It is possible to develop a successful vegetable garden, but the following factors are important:

* Good soil preparation. The area should be well dug to a depth of about 1 foot, every year. Improving the quality of soil may be necessary. Various authorities will test the soil so that amendments may be identified.

* It may be necessary to fence the area depending on the wildlife in the vicinity.

* Some people successfully grow vegetables in raised beds.

* It isn’t necessary to start plants in a garage during winter months. Seed may be planted directly into prepared soil, any time in May or June, or even in the fall, for the following summer. Take the time to plant the seed carefully with spacing as recommended on the packet. You will be pleased with the results.

* Vegetable gardens will need to be irrigated.

* Selection of seed is very important. Our growing season is short, so choose varieties of seed with a short growing season.
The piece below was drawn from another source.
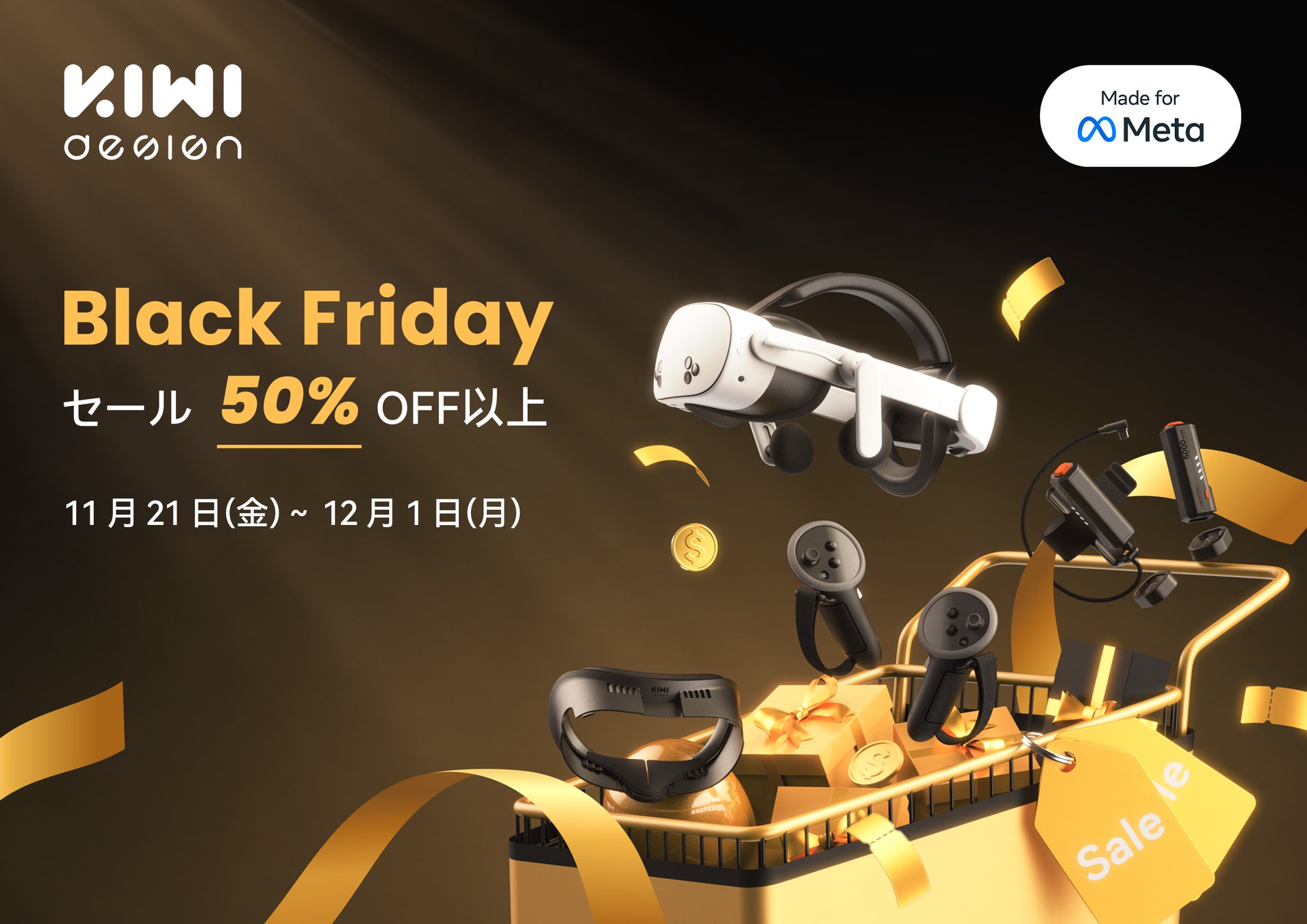 VRアクセサリーブランド KIWI design(本社:KIWIDESIGN(HONGKONG)LIMITED、以下 KIWI design)は、2025年ブラックフライデーに合わせ、Meta QuestシリーズおよびPlayStation®5向けアクセサリーを対象とした大規模セールを開催いたします。期間中は、同社の人気プロダクトをはじめとした多数のVR関連アイテムが、50%OFF以上のスペシャルプライスで提供されます。

* In general leafy vegetables and root vegetables should be the focus of attention. These vegetables can withstand frost which can occur at any time during the summer.

* Fleshy vegetables such as tomatoes, eggplants, squash, zucchini and peppers aren’t successful because they are so sensitive to temperature changes.

* Label the rows of seed so that you have a record of which varieties do well.


Label the rows of seed so that you have a record of which varieties do.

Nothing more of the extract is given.